--- Exercise aim ---
Give back exactly the stretch of data below from the line holding "and storybook glamour." through the line holding "Das exklusive Luxushotel", both ends included, and leave the remaining lines out.

--- Provided records ---

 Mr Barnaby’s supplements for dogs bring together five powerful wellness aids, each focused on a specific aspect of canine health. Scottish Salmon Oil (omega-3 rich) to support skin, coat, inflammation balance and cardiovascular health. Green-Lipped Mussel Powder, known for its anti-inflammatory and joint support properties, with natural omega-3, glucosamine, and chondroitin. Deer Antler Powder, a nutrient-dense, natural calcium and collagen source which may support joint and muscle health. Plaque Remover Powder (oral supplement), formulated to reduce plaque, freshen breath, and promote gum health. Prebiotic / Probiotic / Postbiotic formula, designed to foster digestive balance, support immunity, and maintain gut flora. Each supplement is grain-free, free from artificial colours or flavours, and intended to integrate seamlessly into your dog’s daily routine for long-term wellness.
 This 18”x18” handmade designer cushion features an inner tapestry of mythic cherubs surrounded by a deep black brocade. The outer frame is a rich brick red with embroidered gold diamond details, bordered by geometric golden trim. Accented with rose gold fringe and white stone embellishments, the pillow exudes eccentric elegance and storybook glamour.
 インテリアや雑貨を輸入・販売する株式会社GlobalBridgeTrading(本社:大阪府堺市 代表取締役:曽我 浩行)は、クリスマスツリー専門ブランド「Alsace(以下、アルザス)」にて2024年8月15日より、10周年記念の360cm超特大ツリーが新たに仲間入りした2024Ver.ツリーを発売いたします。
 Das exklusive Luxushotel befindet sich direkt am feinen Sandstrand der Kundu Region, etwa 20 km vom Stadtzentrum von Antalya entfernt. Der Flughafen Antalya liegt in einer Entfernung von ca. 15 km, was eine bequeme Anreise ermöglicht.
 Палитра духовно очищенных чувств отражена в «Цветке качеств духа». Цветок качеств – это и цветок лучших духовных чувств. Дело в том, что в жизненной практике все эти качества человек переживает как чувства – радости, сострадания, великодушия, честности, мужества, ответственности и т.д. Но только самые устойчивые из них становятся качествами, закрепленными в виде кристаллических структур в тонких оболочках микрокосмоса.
--
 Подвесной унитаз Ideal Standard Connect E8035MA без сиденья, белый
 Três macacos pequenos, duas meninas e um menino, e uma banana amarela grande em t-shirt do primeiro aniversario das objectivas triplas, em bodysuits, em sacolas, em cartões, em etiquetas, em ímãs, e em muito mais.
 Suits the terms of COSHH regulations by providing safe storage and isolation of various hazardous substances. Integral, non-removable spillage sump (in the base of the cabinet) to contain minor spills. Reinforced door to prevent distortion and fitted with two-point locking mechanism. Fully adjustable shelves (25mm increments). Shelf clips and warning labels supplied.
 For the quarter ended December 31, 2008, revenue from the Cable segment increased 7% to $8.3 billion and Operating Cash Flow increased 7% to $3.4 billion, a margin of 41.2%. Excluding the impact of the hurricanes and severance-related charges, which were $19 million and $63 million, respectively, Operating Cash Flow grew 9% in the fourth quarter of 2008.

--- Result for this exercise ---
 This 18”x18” handmade designer cushion features an inner tapestry of mythic cherubs surrounded by a deep black brocade. The outer frame is a rich brick red with embroidered gold diamond details, bordered by geometric golden trim. Accented with rose gold fringe and white stone embellishments, the pillow exudes eccentric elegance and storybook glamour.
 インテリアや雑貨を輸入・販売する株式会社GlobalBridgeTrading(本社:大阪府堺市 代表取締役:曽我 浩行)は、クリスマスツリー専門ブランド「Alsace(以下、アルザス)」にて2024年8月15日より、10周年記念の360cm超特大ツリーが新たに仲間入りした2024Ver.ツリーを発売いたします。
 Das exklusive Luxushotel befindet sich direkt am feinen Sandstrand der Kundu Region, etwa 20 km vom Stadtzentrum von Antalya entfernt. Der Flughafen Antalya liegt in einer Entfernung von ca. 15 km, was eine bequeme Anreise ermöglicht.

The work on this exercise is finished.